漏斗胸に対する整形外科的低侵襲治療法

  質問1:漏斗胸の危険性とは?
  回答
  1.漏斗胸は心臓と肺を圧迫し.心臓と肺の機能の低下につながり.患者の運動能力を低下させ.さらに身体.知的発達.全身の機能にまで影響を及ぼす。
  2.美観に影響を与える.患者はグループ生活.入浴.水泳などで服を脱ぐことができない。
  3.精神に影響を与え.劣等感を生み.うつ病など長期的に心臓病を引き起こす可能性がある。
  質問2:漏斗胸はカルシウム不足と関係があるのでしょうか? カルシウムの補給で改善されるのか?
  A:漏斗胸の発生は.カルシウム不足と密接な関係があるわけではないので.カルシウムの補給だけでは改善されません。
  質問3:治療の対象年齢は?
  A:治療の対象年齢は3歳から30歳.最適な年齢は5歳から20歳ですが.もちろん年齢が低いほど整形外科的治療は容易で.したがって患者さんの痛みも少なくなります。
  Q4: 整形外科に低侵襲を導入するにはどうしたらよいですか?
  A:胸腔鏡下Nuss法(低侵襲漏斗胸整形外科手術)が用いられます。 大まかには.右胸にそれぞれ約3cmと約1.5cmの小さな切開を2箇所.左胸に約2.5cmの小さな切開を1箇所行います。 胸骨の一番低いところにプレートを入れ.凹んだ胸骨を通常の高さにまで持ち上げます。 切開は小さく.胸壁の外側にあるので.審美的にもさほど気になりません。
  Q5:手術後にプレートを取り外す必要はありますか?
  A:プレートは術後2〜3年で取り外す必要があります。
  Q6:手術は安全ですか?
  A:非常に安全で.これまで20例近く行ってきましたが.出血は少なく.通常数ミリリットル程度です。
  質問7:施術は痛いですか?
  A:痛みはありますが.我慢できる程度です。 通常.手術後1-2日で重くなり.その後おさまり.鎮痛剤の内服で緩和されます。 手術の1日後にはベッドから出ることができます。
  Q8: 入院期間の目安を教えてください。
  A: 術前.術後ともに約7~10日です。
  Q9: 手術後.どのくらいで治るのですか?
  A:手術後4〜7日で退院でき.基本的に1ヶ月程度で通常の活動や勉強ができるようになります。 そのため.学生は夏休みや冬休みを利用して手術を受けることができます。
  Q10:手術費用はいくらですか?
  A:プレートが23,000と高価(米国からの輸入品)なため.1枚でもトータルコストは35,000前後となります。 そして.ヒールプレート2枚分のトータルコストは.約6万円弱です。
  Q11:従来の外科的な整形外科手術と比較して.どのようなメリットがあるのでしょうか?
  回答
  1.Nuss法は胸壁の外側を小さく切開するため.審美的に優れている。
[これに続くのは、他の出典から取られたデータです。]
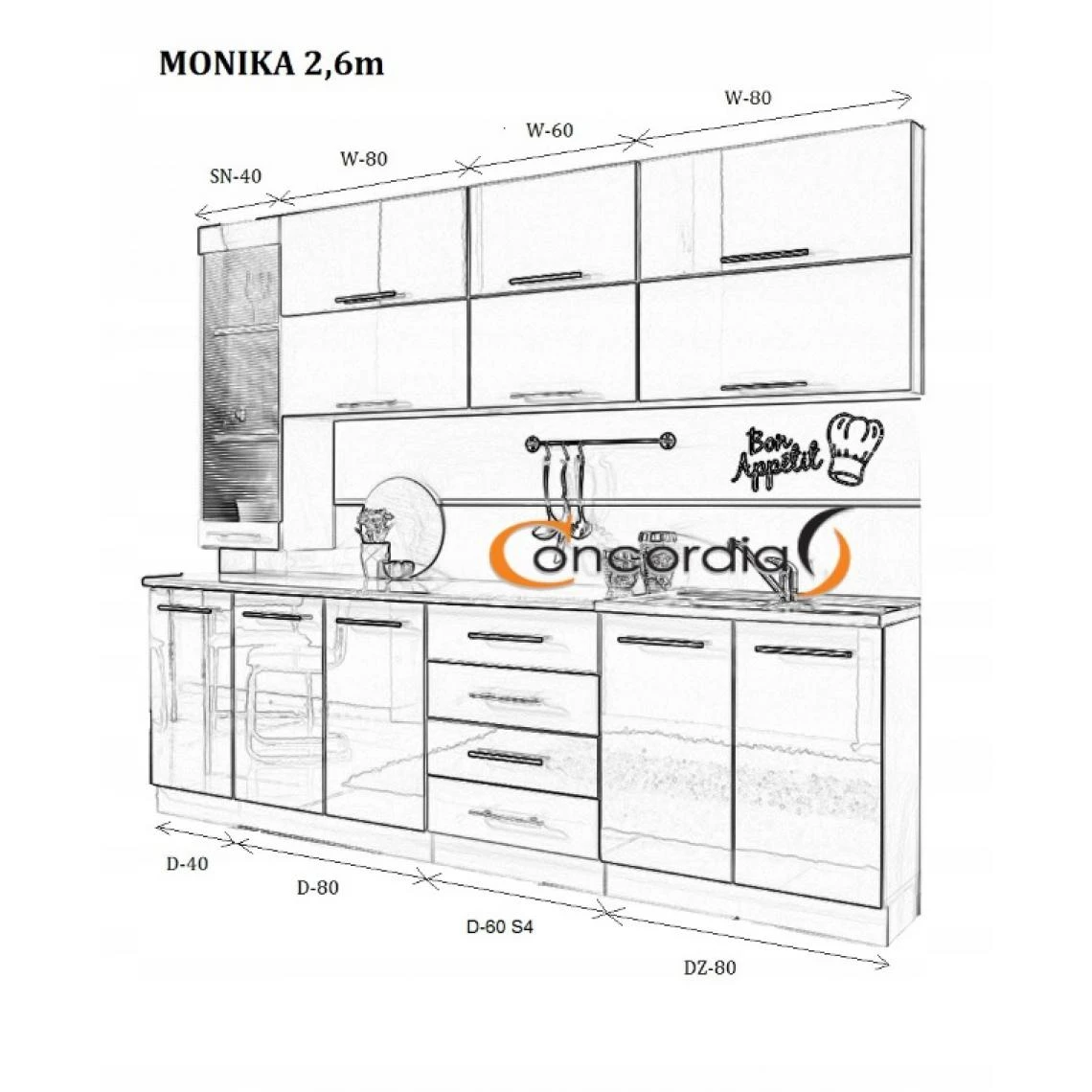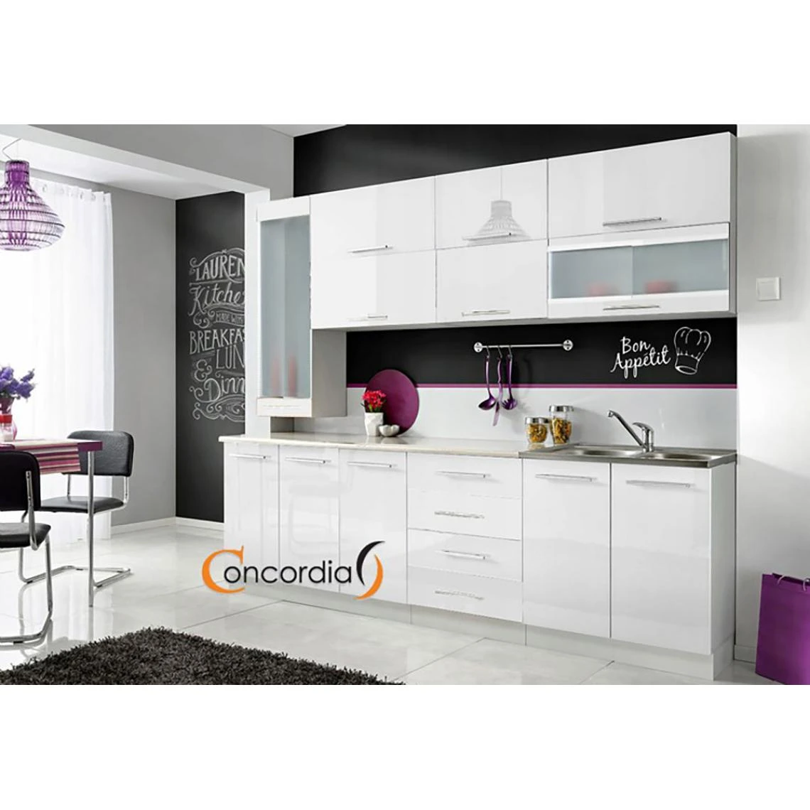 Magnifique set de cuisine complète de 2,6 m qui vous apportera une touche raffinée et contemporaine dans votre cuisine. Son style moderne et structure de haute qualité vous permettront de trouver un équilibre entre rôle utile et cuisine design. Le lot est composé de: Plan de travail livré en plusieurs morceaux (le morceau pour le meuble sous-évier non fourni),Éléments hauts : meuble de 60 cm avec deux portes, deux meubles de 80 cm avec deux portes et un meuble de 40 cm avec porte vitréeÉléments bas : meuble sous-évier 80cm, meuble de 60 cm avec quatre tiroirs, meuble de 40 cm avec une porte, meuble de 80 cm avec deux portes, POINTS FORTS: Plan de travail inclus (livré en plusieurs morceaux, le morceau pour le meuble sous-évier non fourni), 4 Tiroirs coulissants, Poignées décoratives , Façades en panneaux MDF vernis, Portes vitrées – verre givré, Structure de construction solide 16 mm, CARACTÉRISTIQUES TECHNIQUES: Longueur meubles bas: 260 cm, Longueur meubles hauts: 260 cm, Bas sur les pieds réglables, Plinthes de recouvrement assorties, Charnières invisibles encastrées à fermeture silencieuse, Support accroche pour meubles hauts réglable, Finition: corps du meuble en blanc mat, faces avec finition brillante/gloss, Photos des articles le plus fidèle possible, mais restant non contractuelles, les nuances de couleur et le rendu des matières présentés à l’écran pouvant être différents de la réalité

一方.従来の方法は前中胸部で.Nuss法よりもはるかに長い。
  2.Nuss法は肋軟骨を切除する必要がないため.本来の胸壁の構造を変えることなく.機能に影響を与えない。一方.従来の手術では.両側の複数の肋骨を切除して再縫合する必要があり.旋回などの要因と合わせて.治癒後の胸壁に硬さが出て.胸郭の呼吸機能に影響を与える可能性がある。
  3.Nuss手術は出血が少なく.従来の手術よりはるかに少ないため.安全性が高い。
  4.Nuss手術は通常1時間以内と.従来の手術よりはるかに短い時間で終了します。
  5.Nuss手術は無菌的なので.術後に感染しにくく.抗生物質の使用も少ない。一方.従来の手術は外傷が大きく.時間が長いため.術後に感染する可能性が高く.体液が溜まりやすいので.術後の投薬に時間がかかる。
  6.総入院日数は一般的に7~10日程度で.従来の手術の入院期間より大幅に短縮されます。